Young was appointed a Judge of the Supreme Court with effect from 1 July 2010. During his tenure he chaired from 2019 to 2020 the Royal Commission of Inquiry into the Christchurch mosque shootings. He remained a permanent member of the Supreme Court until 2022. Thereafter he sat as an acting judge of the Supreme Court until 2024. On 3 April 2024, Young was granted retention of the title The Honourable, in recognition of his service as a judge of the Supreme Court, Court of Appeal and High Court.
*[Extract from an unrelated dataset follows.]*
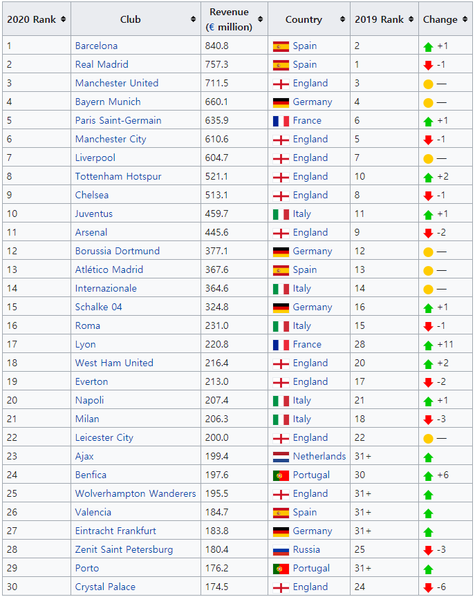 <2020년 축구 구단별 수입> 젤 놀라운게 웨햄 레스터 울브스같은 구단이 밀란 아약스만큼은 번다는거 (링크: Deloitte Football Money League - Wikipedia)

Following his retirement from the New Zealand Supreme Court, Young has accepted five international judicial appointments. He was appointed a judge of the Dubai International Financial Centre Courts in July 2022, but resigned less than a month later citing the risk of 'adverse perceptions' in light of concerns raised by human rights campaigners about foreign judicial appointments allegedly being used to legitimise the United Arab Emirates political regime. In August 2022 he was appointed an ad-hoc justice in the Court of Appeal of the Seychelles. On 7 November 2022 he was sworn in as a judge of the Court of Appeal of Samoa. In October 2023 he was sworn to the Supreme Court of Fiji. On 8 May 2025, the Hong Kong government announced that Young would join the Hong Kong Court of Final Appeal as a foreign non-permanent judge after receiving the endorsement of the Legislative Council of Hong Kong.

==Non-judicial involvement==
While a barrister, Young was involved with the New Zealand Law Society educational programme and, since appointment to the bench, with the Institute of Judicial Studies, being the primary author of its Criminal Jury Trials Bench Book. He wrote "Summing Up to Juries – What Jury Research says about Current Rules and Practice" [2003] Crim LR 665 and co-authored a chapter in Witness Testimony: Psychological, Investigative and Evidential Perspectives (Oxford University Press 26 October 2006).